This was definitely an interesting read and was unlike the last several books that I've read given its deep look at the subtleties of European philosophy in the mid-2nd millennium. I wouldn't recommend it as a light jaunt through the historical development of science, but I would recommend it to those who want a deeper look at the various philosophical factors guiding its development.

2018-09-17

Book Review: "Medici Money" by Tim Parks

I've recently read the book Medici Money by Tim Parks. It's a book that covers the rise, consolidation of money and power, and downfall of the Medici banking family in Florence in the 15th century. It focuses on the main players in the Medici family as they relate to their banking business, and how that business grew, became intertwined in politics & religion, and was able to fund the collection & creation of artworks and other cultural artifacts; the whole story is just a long power play, with jockeying between Medici family members, popes & cardinals, politicians, and competing nobility & business interests.

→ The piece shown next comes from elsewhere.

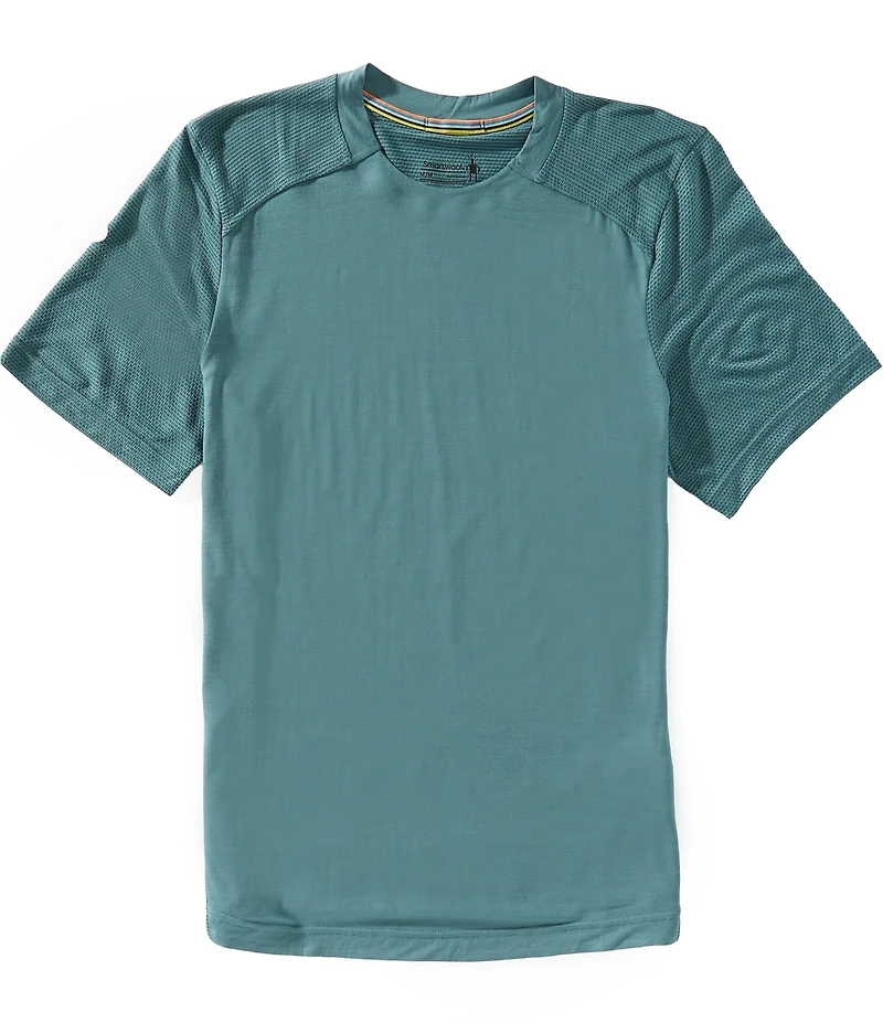 From SmartWool, this t-shirt features: Solid tone Crew neckline Short sleeves Offset shoulder and side seams designed to help increase comfort and minimize chafing Targeted mesh zones designed to help increase breathability  Moisture management Temperature regulation Odor resistant Merino wool/TENCEL™ lyocell/recycled polyester Machine wash/tumble dry Imported.

The book itself is a well-written, engaging, fun jaunt through that period in history; by the fact that it only has a casual section at the end containing bibliographic notes, without having a formal bibliography, footnotes, or endnotes, I can tell this was written for popular rather than technical/academic consumption, which I can appreciate. It was particularly interesting to see the tensions, contradictions, and hypocrisies of the Catholic Church's views on usury (in the old sense of lending money at any nonzero interest rate) explored fully in this book: the argument is that usury allowed ordinary people to become wealthy without needing to inherit it or work as hard, upending the social order, while the Catholic Church depended on usury to fund its own wars & extravagant lifestyles even as it condemned the practice (though even people at that time struggled to find coherent Biblical justifications for injunctions against usury), leading to weird debates about whether some commercial practices like speculation on currency exchanges were really usury in disguise. My only quibble is that the author ties the notion of usury too much to currency: the way I see it, currency simply liquefies commercial value across space (i.e. making value available across different geographic areas), while usury liquefies commercial value across time (i.e. making value available to future buyers), so while currency certainly makes usury much more feasible by combining liquidity in space and time, it is conceivable to imagine usury without currency, simply through bonds between people expecting greater future returns to be settled through consensual barter. Overall, I think this book could be an interesting and fun history for a general audience.

2018-04-23

Book Review: "Hume" by James Harris

I've recently been able to read the book Hume: An Intellectual Biography by James Harris. This is an "intellectual biography" in the sense that rather than focusing on the particular details or daily life of the Scottish philosopher and essayist David Hume, it delves into his philosophy and writing in the context of what he read, the people with whom he corresponded, and the political history of the Great Britain in which he lived. This is extensively sourced from Hume's very brief autobiography, his more extensive works, and correspondence with and writings by other people; Hume's own will requested that his personal papers and unpublished works (apart from those he wished to see published posthumously) dating prior to the 5 years leading up to his death be destroyed, and this seems to have happened, and Hume's autobiography is far too brief and sparse to serve as the primary resource.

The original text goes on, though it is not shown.